Premise Data has a global network of Contributors who are paid to provide ground-level insights through Premise’s mobile app. As of January 2020, over 1.4 million on-the-ground local citizen Contributors are paid to answer surveys and map places across the globe. On average, Contributors are submitting hundreds of thousands of responses to “tasks” per day. Many of those submissions entail location-based discovery places like restaurants, health facilities, schools, etc. The data is used to better understand economic development and population’s access to health services. Such projects are of particular importance to Premise’s clients like The Bill & Melinda Gates Foundation, USAID and many others.
In order to process the sometimes hundreds of submissions that represent the one authoritative location for a particular facility, Premise’s data scientists have developed an algorithm called ‘Place Harmonizer’ (pH) to conflate the hundreds of submissions that represent one facility to one high confidence location to determine the authoritative location for that facility.
Premise’s Contributors submit three pieces of data that enable Premise’s data scientists to algorithmically conflate many data points for the same location down to one authoritative location:
- Cartesian coordinate (latitude and longitude)
- The name of the place
- A photo of the place
First, spatial clustering of latitude and longitude is used to group submissions together. This is aligned with Waldo Tobler’s First Law of Geography, which states that “everything is related to everything else, but near things are more related than distant things.”

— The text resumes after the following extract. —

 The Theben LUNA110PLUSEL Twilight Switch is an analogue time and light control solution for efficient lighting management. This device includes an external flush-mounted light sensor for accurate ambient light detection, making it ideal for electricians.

A variable to limit the maximum search distance for submission points (latitude, longitude) is defined for each type of facility. For example, the radius of submitted locations to be grouped for pharmacies is smaller than the maximum search radius for hospitals. Generally speaking, hospitals occupy a larger area of land, and are spaced further apart across a landscape. Pharmacies tend to occupy a smaller footprint and are spaced closer together across a landscape.

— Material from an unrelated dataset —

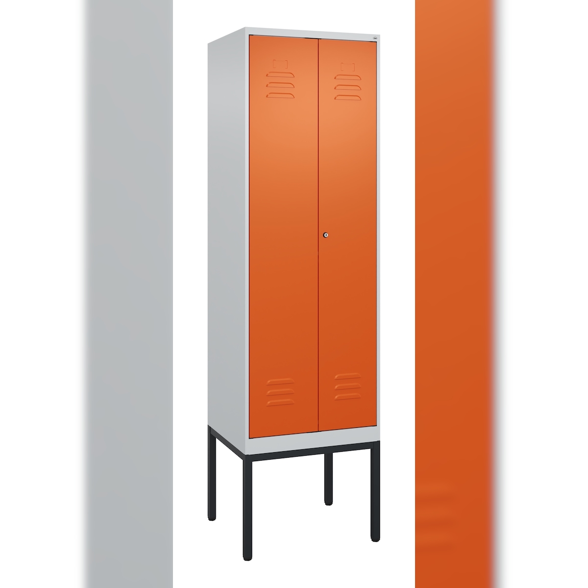 C+P Spind Classic PLUS, Füßen, 1 Abteil, HxBxT 195x40x50cm, Sicherheitsdrehriegel, Hellgrau/Reinorange von PROREGAL

Second, once a spatial cluster is defined, Premise’s place harmonization algorithm will analyze the names of the facility as submitted by the Premise Contributors for each cluster. This step allows the algorithm to determine if the submissions have a similar name and stay clustered or have a different name and should be split apart into a unique cluster (facility name).
Given that Premise Contributors manually enter the name of the facility via a smartphone keyboard, the algorithm must sort out a wide range of names that might describe a facility. As a result, Premise’s data scientists have modified the Term Frequency-Inverse Document Frequency (TF-IDF) algorithm to accommodate this phenomenon.
The advantage of this modification allows the algorithm to be language-agnostic; in other words, it not only works when submissions are in English but also functions seamlessly in the 28 other languages in which our Contributors submit data (e.g. Arabic, Swahili, Tagalog, etc.).
Third, Contributors submit a photo of the outside of the facility. These photos are extremely valuable to represent the up-to-date condition of a place. The photos are also used for visual validation that the place is true to what our Contributors are actually submitting.
Premise’s data scientists have also used machine learning object character recognition tools on the photos to automatically extract all text observed within the photo. That text has then been used to help validate the name of the place that our Contributors submit. Most importantly, the photos serve as a means to do a final verification that multiple submissions should be joined into one authoritative place.
Crowdsourced data continues to prove essential to discovery and ground-truthing important places around the world. Premise considers the conflated places using our internally developed Place Harmonizer algorithm as foundational to knowing where facilities are located and to getting places mapped comprehensively across a landscape.